NATIONAL BESTELLER • A “quietly stunning” (Ocean Vuong) exploration of love and loss, the struggles and limitations of family life—and how we all must learn to live together and apart—from the Pulitzer Prize–winning author of The Hours
 
“Along with George Eliot, Michael Cunningham belongs in that rare group of novelists who hold the world close, with apparently infinite respect, compassion, and tenderness, all while describing the world and its inhabitants unsparingly.”—Tony Kushner

NEW YORK TIMES BOOK REVIEW EDITORS’ CHOICE • A BEST BOOK OF THE YEAR: NPR, Harper’s Bazaar, Chicago Public Library, Lit Hub, Kirkus Reviews

April 5, 2019: In a cozy brownstone in Brooklyn, the veneer of domestic bliss is beginning to crack. Dan and Isabel, husband and wife, are slowly drifting apart—and both, it seems, are a little bit in love with Isabel’s younger brother, Robbie. Robbie, wayward soul of the family, who still lives in the attic loft; Robbie, who, trying to get over his most recent boyfriend, is living vicariously through a glamorous avatar online; Robbie, who now has to move out of the house—and whose departure threatens to break the family apart. And then there is Nathan, age ten, taking his first uncertain steps toward independence, while his sister, Violet, five, does her best not to notice the growing rift between her parents.
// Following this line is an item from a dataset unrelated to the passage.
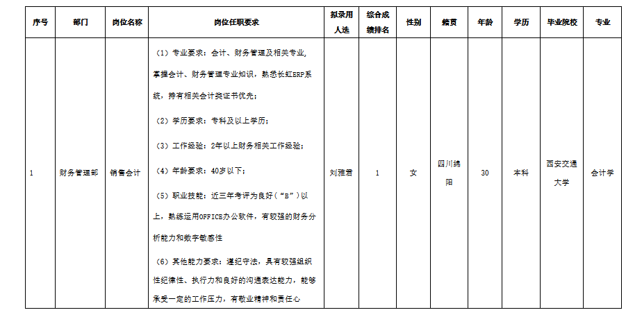 根據(jù)四川愛創(chuàng)科技有限公司發(fā)布的招聘公告及招聘相關(guān)規(guī)定,經(jīng)面試、考察、體檢等程序,擬錄用劉雅君同志到財(cái)務(wù)管理部工作,現(xiàn)予以公示,具體情況如下:
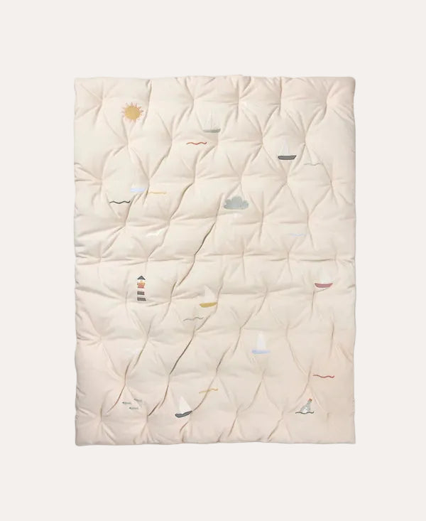 Meri Play Mattress, Sea Life Dive into imaginative play with this charming mattress featuring hand-embroidered sea-inspired designs on soft, undyed canvas. The SEA LIFE collection brings ocean wonder to life—from playful fish and swaying seaweed to dreamy underwater scenes that spark creativity and adventure. Crafted from natural, heavy-weight canvas in its purest form, this mattress celebrates sustainable comfort. The gentle texture comes from authentic cotton fibres, free from harsh bleaching agents and synthetic dyes. One side showcases the beautiful embroidery; the reverse offers a calm, neutral surface for versatile play and rest. Perfect for little explorers who love the sea, this thoughtfully designed mattress transforms playtime into a magical journey—ideal for napping, quiet moments, or endless imaginative adventures.

April 5, 2020: As the world goes into lockdown, the cozy brownstone is starting to feel more like a prison. Violet is terrified of leaving the windows open, obsessed with keeping her family safe. Isabel and Dan communicate mostly in veiled sleights and frustrated sighs. And dear Robbie is stranded in Iceland, alone in a mountain cabin with nothing but his thoughts—and his secret Instagram life—for company.

April 5, 2021: Emerging from the worst of the crisis, the family reckons with a new, very different reality—and with what they’ve learned, what they’ve lost, and how they might go on.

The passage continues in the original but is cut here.